Но я, не дождавшись его ответа, уже забралась в паланкин.

– Во-первых, паланкин достаточно большой и здесь хватит места нам обоим, – заявила я. – А во-вторых, даже если кто-то начнет задавать вопросы, у меня при себе императорская нефритовая пластинка – я раньше уже покидала дворец с ее помощью. Кроме того, рядом со мной будет тринадцатый господин, любимейший из братьев Его Величества, так что задурить головы стражникам не составит труда.

Тринадцатый стоял у паланкина и, не двигаясь, глядел на меня.

– Тринадцатый господин собирается выгнать меня из паланкина? – спросила я, приподняв брови. – Когда-то мы, обнявшись, вместе ехали на одном коне, а сейчас ты не осмеливаешься сесть со мной рядом даже в таком большом паланкине?

Тринадцатый господин покачал головой и вдруг рассмеялся:

– Ладно, присоединюсь к тебе и в этой выходке.
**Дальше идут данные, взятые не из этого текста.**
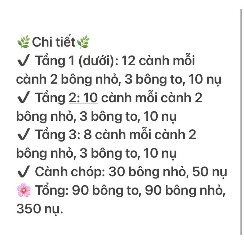 - Đá làm hoa đầy đủ (90 bông to, 90 bông nhỏ, 350 nụ)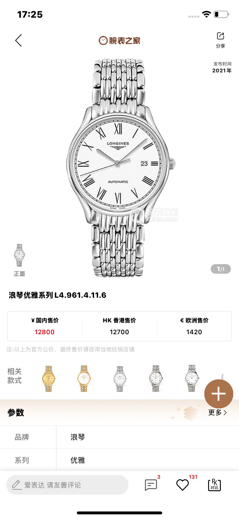 浪琴/Longines 浪琴表律雅系列 L4.961.4.11.6 自动上链机械机芯 精钢 40.00mm 专柜价12800。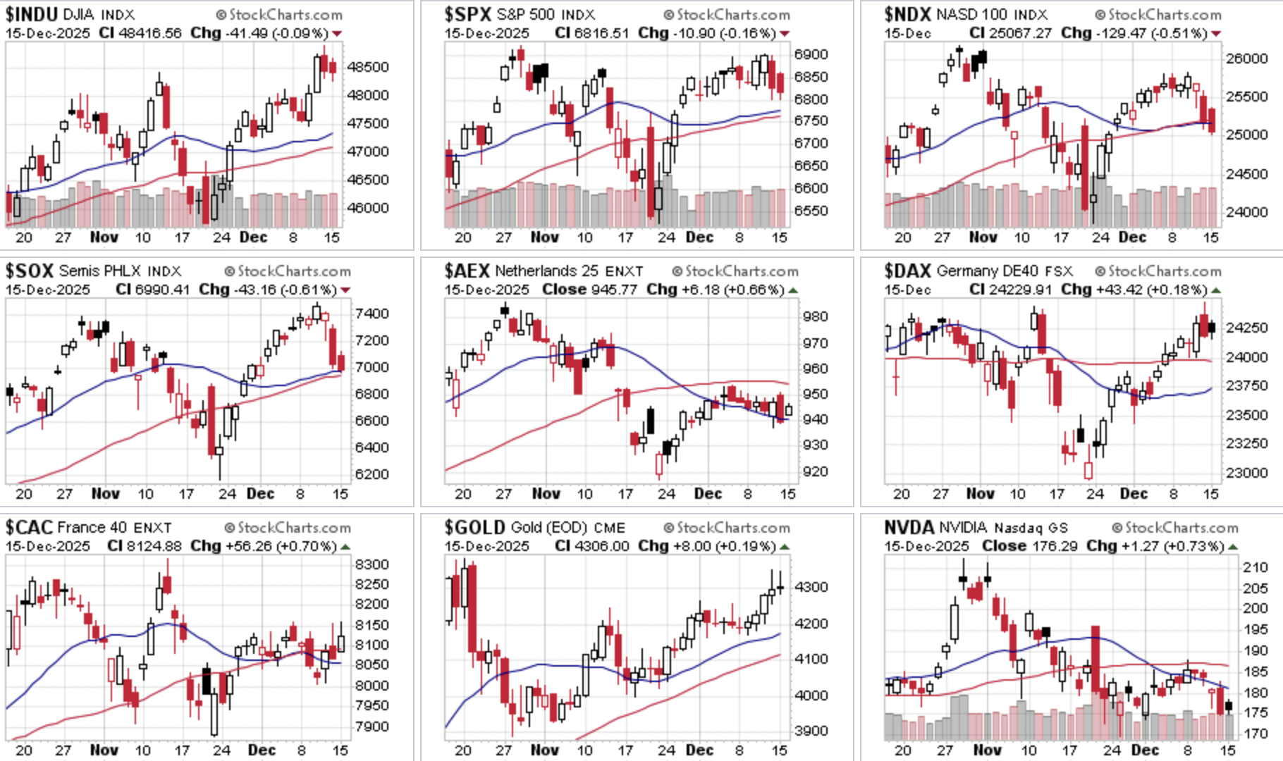 Als we inzoomen op de grafieken van 15 december, zien we een glasheldere divergentie tussen de Amerikaanse technologiesector en de bredere markt, terwijl Europa voorzichtig uit een dal kruipt. Hieronder zie je de technische highlights.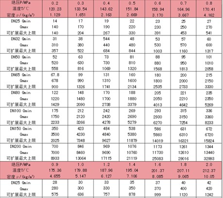 3、饱和水蒸汽质量流量范围(见表3)
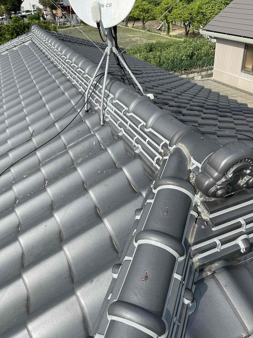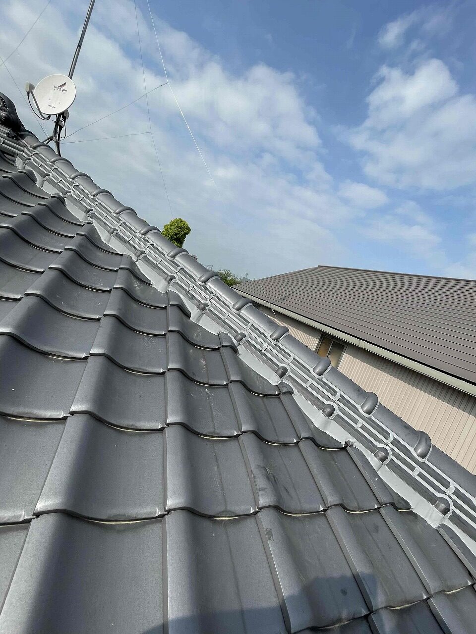 瓦の漆喰部分が経年劣化により、とれて中の土が見えていたところを、漆喰ではなくシリコンで補修いたしました!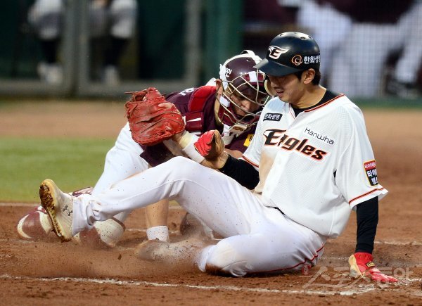 4회말 2사 1루 한화 적시타 때 2루주자 정진호가 홈까지 달렸으나 아웃되고 있다.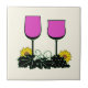 Zwei Gläser des Wein-Sets unter hübschen gelben Sonnenblumen, einem Weinstock und Trauben.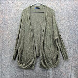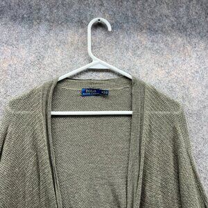 Polo Ralph Lauren Sweater Women Medium Green Cardigan Tan Beige Linen Viscose

Самое худшее, что может случиться, – царственный брат накажет меня разок.

И с этими словами он тоже сел в паланкин.

– Поторопи слуг, – обратилась я к нему. – Пусть идут побыстрей.

Он тут же велел носильщикам идти быстрее, а затем успокаивающе сказал мне:

– Как покинем дворец, пересядем в повозку – и тогда успеем.

– Сегодня у меня весь день душа не на месте, – призналась я. – И чем дальше, тем больше я боюсь.

– Не бойся, – помолчав, ответил тринадцатый господин. – Даже наследный принц, лишившись титула, может получить его вновь. Если восьмой брат уже и выгнал госпожу, ее наверняка можно вернуть.

– Ты не знаешь, как глубоки чувства восьмой госпожи к супругу, – покачала головой я. – Кроме того, она горда и решительна, а потому склонна легко впадать в крайности…

Я закрыла себе рот ладонью, так и не договорив.

Паланкин покинул дворец без каких-либо проблем. Снаружи мы пересели в повозку, которая быстро домчала нас до поместья циньвана Лянь. Пока тринадцатый господин помогал мне сойти с повозки, один из слуг уже постучал в ворота, объявив:

– Мой господин просит аудиенции.

Привратник поприветствовал тринадцатого земным поклоном. На его лице появилось горестное выражение, когда он сказал:

– Сегодня господин никого не принимает. Прошу тринадцатого господина уйти!

Я не стала дожидаться, пока тот ответит, и, обогнув привратника, прошла во двор. Другие слуги хотели было преградить мне путь, но тринадцатый последовал за мной, прикрикнув:

– Негодяи! Разве вы имеете право нас не впускать?

Его грозный тон заставил слуг рухнуть на колени, однако они не ушли с дороги, говоря:

– Мы не можем ослушаться приказа хозяина. Если господин настаивает на том, чтобы войти, мы не смеем препятствовать, но тогда выходит, что презренные слуги не могут исполнить свой долг. Им останется лишь покончить с собой.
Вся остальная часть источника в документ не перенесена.